From the Chinese Remainder Theorem, $k \equiv 0, 112, 224, 175, 287, 399 \pmod{400}$. Thus, the smallest positive integer $k$ is $\boxed{112}$.

## Solution 2

To elaborate, we write out all 6 possibilities of parings. For example, we have

$k \equiv 24 \pmod{25}$ $k \equiv 15 \pmod{16}$

is one pairing, and

$k \equiv 24 \pmod{25}$ $k \equiv 0 \pmod{16}$

is another. We then solve this by writing the first as $16k+15 \equiv 24 \pmod{25}$ and then move the 15 to get $16k \equiv 9 \pmod{25}$.

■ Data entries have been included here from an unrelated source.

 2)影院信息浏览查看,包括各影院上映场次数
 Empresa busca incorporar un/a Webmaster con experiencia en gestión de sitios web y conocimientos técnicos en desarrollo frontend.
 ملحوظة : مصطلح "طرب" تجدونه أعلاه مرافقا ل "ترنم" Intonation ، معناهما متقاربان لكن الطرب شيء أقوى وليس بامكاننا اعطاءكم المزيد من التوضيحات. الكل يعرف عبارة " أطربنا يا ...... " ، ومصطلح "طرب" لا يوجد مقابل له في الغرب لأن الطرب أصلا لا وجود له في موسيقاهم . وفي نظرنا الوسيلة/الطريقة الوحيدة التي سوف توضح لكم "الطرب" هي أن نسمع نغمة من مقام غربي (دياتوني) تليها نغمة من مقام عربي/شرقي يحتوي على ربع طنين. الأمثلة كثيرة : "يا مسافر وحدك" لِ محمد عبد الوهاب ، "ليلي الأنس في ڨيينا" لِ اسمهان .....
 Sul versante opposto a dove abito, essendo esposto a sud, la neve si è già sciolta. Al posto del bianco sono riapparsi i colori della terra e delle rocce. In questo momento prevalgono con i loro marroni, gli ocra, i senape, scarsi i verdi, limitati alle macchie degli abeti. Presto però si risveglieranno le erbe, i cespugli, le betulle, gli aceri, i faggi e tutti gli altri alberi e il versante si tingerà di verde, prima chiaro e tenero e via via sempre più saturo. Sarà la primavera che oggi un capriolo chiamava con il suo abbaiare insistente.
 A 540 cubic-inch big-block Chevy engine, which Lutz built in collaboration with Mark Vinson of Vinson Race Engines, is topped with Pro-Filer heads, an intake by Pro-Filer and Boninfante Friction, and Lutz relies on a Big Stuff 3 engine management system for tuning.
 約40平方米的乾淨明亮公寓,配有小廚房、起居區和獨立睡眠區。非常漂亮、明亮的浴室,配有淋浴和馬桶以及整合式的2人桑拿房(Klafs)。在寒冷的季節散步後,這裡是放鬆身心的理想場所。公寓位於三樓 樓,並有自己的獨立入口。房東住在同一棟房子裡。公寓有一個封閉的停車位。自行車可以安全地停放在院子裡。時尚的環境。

We then list out all the mods of the multiples of $16$, and realize that each of these $6$ pairings can be generalized to become one of these multiples of $16$.

The chain is as follows:

$16 \pmod{25}$

$7, 23, 14, 5, 21, 12, 3, 19, 10, 1, 17, 8, 24, 15, 6, 22, 13, 4, 20, 11, 27, 18, 9, 0,$ and then it loops.

We see that for the first equation we have $9 \pmod {25}$ at the 24th position, so we then do $24(16)+15$ to get the first answer of 399.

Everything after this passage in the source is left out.